Two training setups are presented here: A first one using the weight initialization provided from the layer-wise unsupervised pretraining step and the second one that only uses random weight initialization. After training the model for 200 epochs, the model was able to achieve 95.0% (setup 1) and 92.56% (setup 2) classification accuracy in the validation dataset (intrapersonal scenario), where new contraction bursts from already seen subjects where given to the model for the validation purposes.
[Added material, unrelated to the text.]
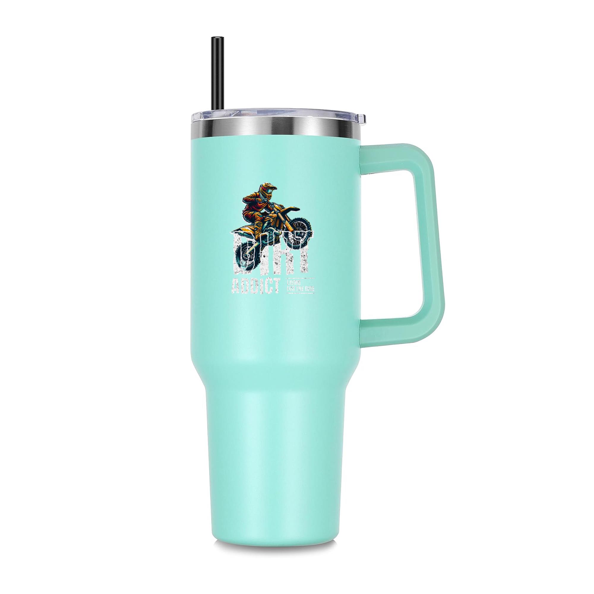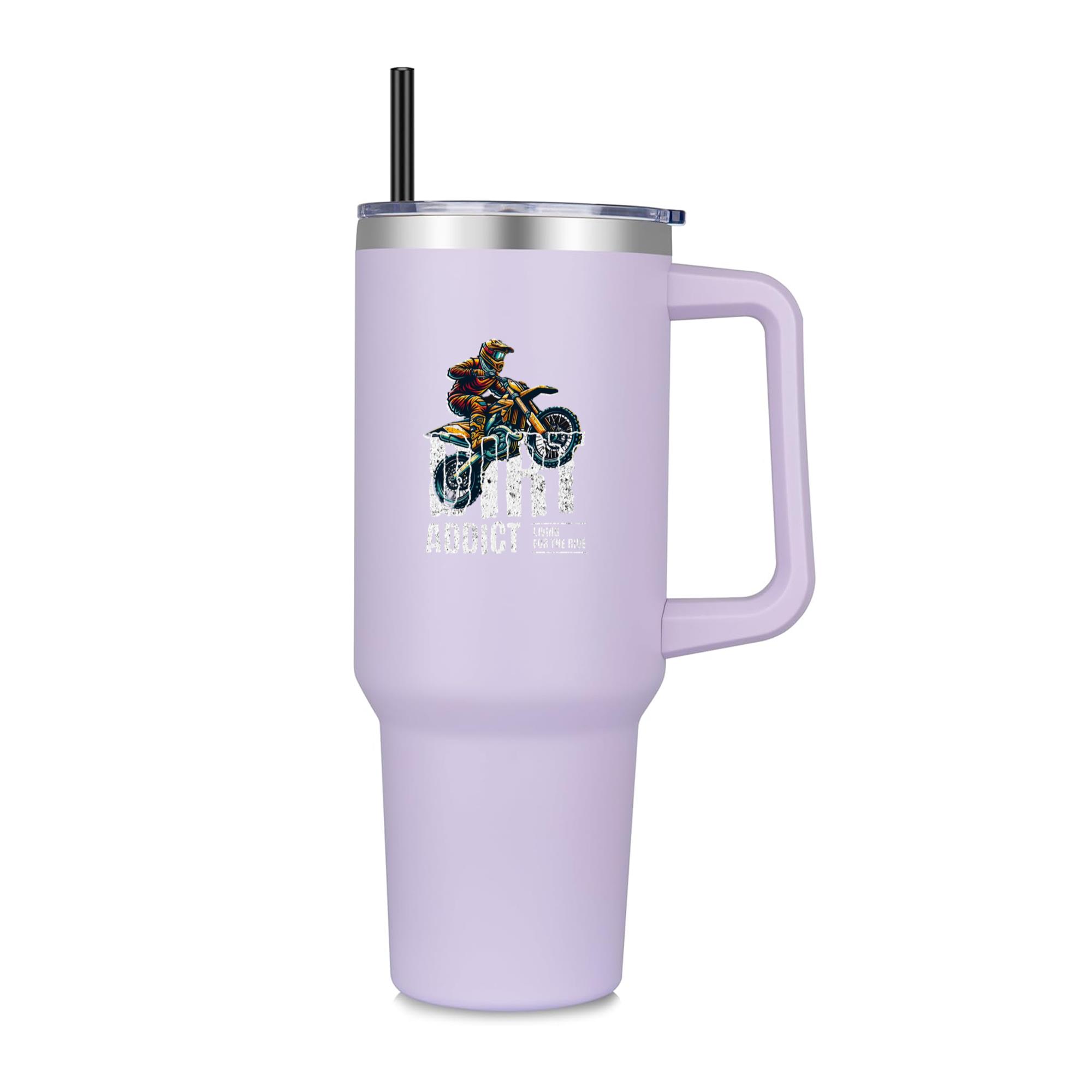 Designed with a sturdy ergonomic handle for easy carrying and a spill-resistant lid with reusable straw, this tumbler is ideal for water, coffee, smoothies, or any beverage on the go. The sleek, powder-coated finish resists scratches and condensation, while the tapered base fits most car cup holders — making it a perfect blend of function and design.

Concerning the second proposed validation scenario (interpersonal scenario or leave-one-out), the model achieved 48% accuracy (in both setups) for muscle classification of contraction bursts from an excluded subject in the training. The evolution of the loss, as well as the validation accuracy over the epochs is presented in the following picture.
Something interesting that can be seen from the confusion matrices in the figure below is that when there is a misclassification in the interpersonal validation, it is often between symmetrical muscles, meaning for instance that left biceps is more likely to be misclassified as right biceps and viceversa (also for left and right tibialis anterior). This behaviour ends up heavily penalizing the overall accuracy of the model in this second validation scenario and it is confirmed by performing two additional tests in which the multiclass classification problem is reduced to a binary classification problem (biceps vs tibialis anterior, and left muscles vs right muscles). Further follow-up recordings would be essential in future studies to determine the intersession performance of the model.
The goal of this article is to investigate the possibility of classifying the underlying muscles directly from the sEMG signal. This is motivated by the fact that the correct traceability of the implicated muscles in EMG studies is relevant in the periodic evaluation process that is carried out for instance in muscle training program effectiveness for athletes, as well as in routine reviews for muscle rehabilitation.
The proposed hybrid CNN-LSTM model was validated in two scenarios: in the first one, the model is tested on new contraction bursts from already seen subjects in the training step, where at least 9 out of 10 times the muscle category was accurately inferred (in both training setups). On the other hand, in the leave-one-out validation scenario, the model could barely classify correctly half of the times, as it seems incapable of distinguishing between symmetrical muscles. When constraining the task to a binary classification problem of biceps vs tibialis anterior, the model is able to classify these non-symmetrical muscles almost nine out of ten times (89% accuracy). On the other hand, when switching the binary classification task to left muscles vs right muscles, the model only achieves 50% classification accuracy. From our feasibility study we conclude that muscle category can be estimated, but not the lateral side as most of the muscles are mirrored.